**TASK STATEMENT**
What follows is a set of records. Copy them exactly and leave out the images.

[Stored items from a collection]
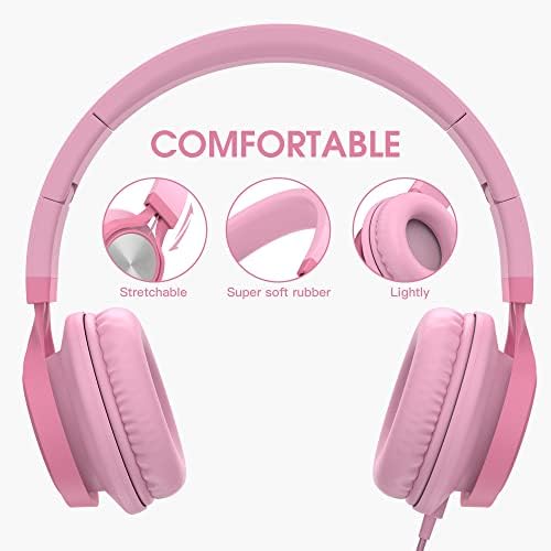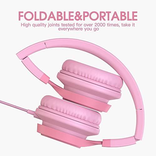 AILIHEN C8 Girls Wired Headphones with Microphone and Volume Control Folding Lightweight Headset for Cellphones Tablets Smartphones Chromebook Laptop Computer PC Mp3/4 (Pink)
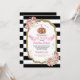 Cute little pumpkin theme baby shower invitation with pink and gold glitter, and chic black and white stripes.
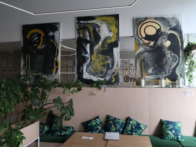 Anna Mikina w Takżetego wege bistro (ul. Sienkiewicza 40) prezentuje trzy abstrakcyjne obrazy – płótna, jak pisze autorka w towarzyszącej im notce, malowane bezmyślnie pędzlem, mazane dłońmi, efekt wylewających się z przegrzanego mózgu myśli. Sama nazywa to tryptykiem, co sugeruje jednak jakiś porządek, całościowe myślenie. Albo już totalne rozkojarzenie, w którym zlewają się formy i bezformia – czyż nie z podobnym stanem mamy do czynienia po przebodźcowaniu umysłu najróżniejszymi działaniami online w dobie pandemii?
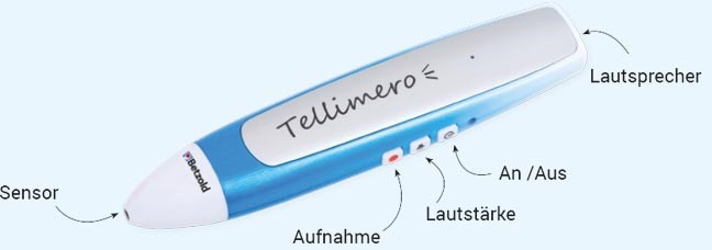Der Tellimero ist ein Audio-Lesestift mit Aufnahmemöglichkeit. Er kann beliebig besprochen werden und fördert das Hörverstehen und den Spracherwerb.
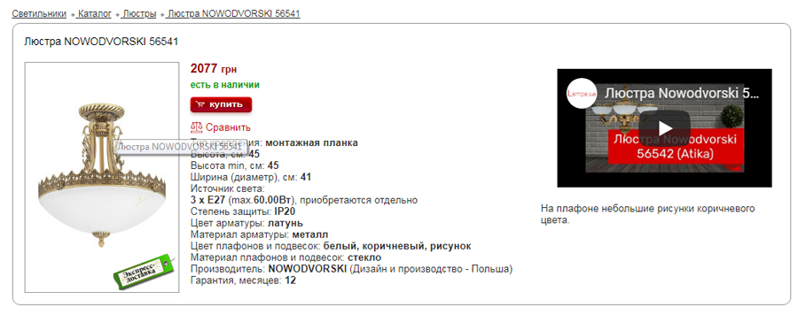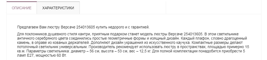 Для антипримера приведем описание люстры Versace за 52 900 рублей.
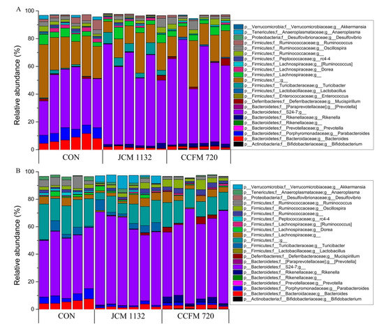 Tenericutes: The relative abundance of Tenericutes was significantly higher in the control group than in the JCM 1132 and CCFM 720 groups (p < 0.01) on day 21. However, the relative abundance increased considerably on day 28 in the JCM 1132 group but not in the CCFM 720 group, such that the abundance in the JCM 1132 and control groups did not differ significantly and both were significantly higher than the abundance in the CCFM 720 group (p < 0.01).
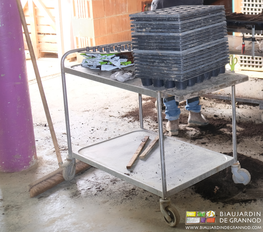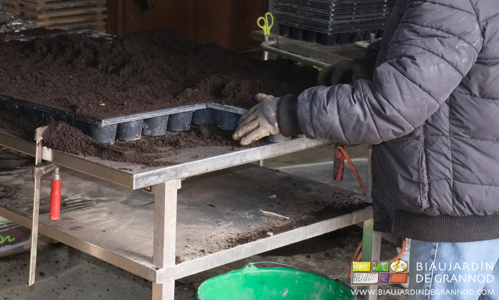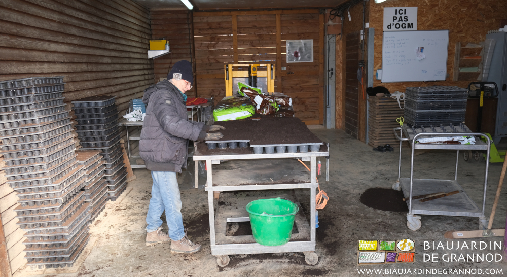Les piles de plaques vides «descendent», les sacs de terreau «se vident», les plaques de mottes «se remplissent», puis «s’empilent» contre le mur en attendant d’être semées des premières variétés de petit pois et de fève.
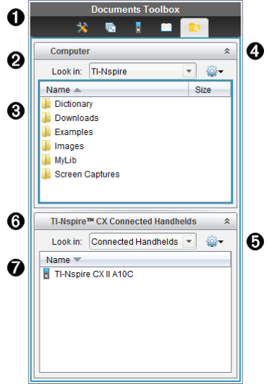 Unidades portáteis conetadas. Lista as unidades portáteis conetadas. As várias unidades portáteis são listadas se estiver mais do que uma unidade portátil conetada ao computador ou quando utiliza as Docking Stations do TI-Nspire™.
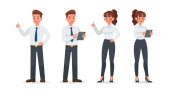Zdjęcie "Płci męskiej i żeńskiej nauczyciela stałego. Pracownik szkoły, universirty lub kolegium w lekcji. Kształcenia zawodowego i koncepcja uczenia się. Wektor płaski ilustracja kreskówka na białym tle" może być wykorzystywane do celów osobistych i komercyjnych zgodnie z warunkami zakupionej licencji Royalty-free. Obraz jest dostępny do pobrania w jakości wysokiej rozdzielczości do 5760x3840.
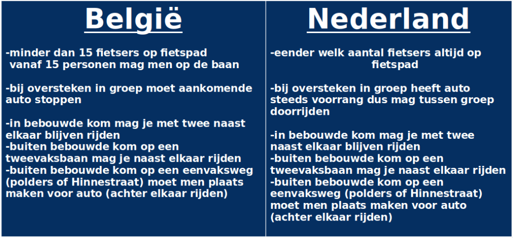 - Opgelet : in Nederland zijn de regels anders: fietsers moeten steeds op het (gelukkig breder en beter) fietspad blijven.
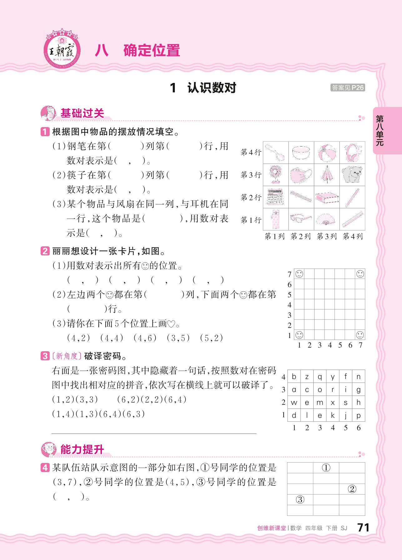 2024春下册四年级数学苏教版 第八单元 确定位置——1. 认识数对

**RESULT OF THIS EXERCISE**
 AILIHEN C8 Girls Wired Headphones with Microphone and Volume Control Folding Lightweight Headset for Cellphones Tablets Smartphones Chromebook Laptop Computer PC Mp3/4 (Pink)
 Cute little pumpkin theme baby shower invitation with pink and gold glitter, and chic black and white stripes.
 Anna Mikina w Takżetego wege bistro (ul. Sienkiewicza 40) prezentuje trzy abstrakcyjne obrazy – płótna, jak pisze autorka w towarzyszącej im notce, malowane bezmyślnie pędzlem, mazane dłońmi, efekt wylewających się z przegrzanego mózgu myśli. Sama nazywa to tryptykiem, co sugeruje jednak jakiś porządek, całościowe myślenie. Albo już totalne rozkojarzenie, w którym zlewają się formy i bezformia – czyż nie z podobnym stanem mamy do czynienia po przebodźcowaniu umysłu najróżniejszymi działaniami online w dobie pandemii?
Der Tellimero ist ein Audio-Lesestift mit Aufnahmemöglichkeit. Er kann beliebig besprochen werden und fördert das Hörverstehen und den Spracherwerb.
 Для антипримера приведем описание люстры Versace за 52 900 рублей.
 Tenericutes: The relative abundance of Tenericutes was significantly higher in the control group than in the JCM 1132 and CCFM 720 groups (p < 0.01) on day 21. However, the relative abundance increased considerably on day 28 in the JCM 1132 group but not in the CCFM 720 group, such that the abundance in the JCM 1132 and control groups did not differ significantly and both were significantly higher than the abundance in the CCFM 720 group (p < 0.01).
Les piles de plaques vides «descendent», les sacs de terreau «se vident», les plaques de mottes «se remplissent», puis «s’empilent» contre le mur en attendant d’être semées des premières variétés de petit pois et de fève.
 Unidades portáteis conetadas. Lista as unidades portáteis conetadas. As várias unidades portáteis são listadas se estiver mais do que uma unidade portátil conetada ao computador ou quando utiliza as Docking Stations do TI-Nspire™.
Zdjęcie "Płci męskiej i żeńskiej nauczyciela stałego. Pracownik szkoły, universirty lub kolegium w lekcji. Kształcenia zawodowego i koncepcja uczenia się. Wektor płaski ilustracja kreskówka na białym tle" może być wykorzystywane do celów osobistych i komercyjnych zgodnie z warunkami zakupionej licencji Royalty-free. Obraz jest dostępny do pobrania w jakości wysokiej rozdzielczości do 5760x3840.
 - Opgelet : in Nederland zijn de regels anders: fietsers moeten steeds op het (gelukkig breder en beter) fietspad blijven.
 2024春下册四年级数学苏教版 第八单元 确定位置——1. 认识数对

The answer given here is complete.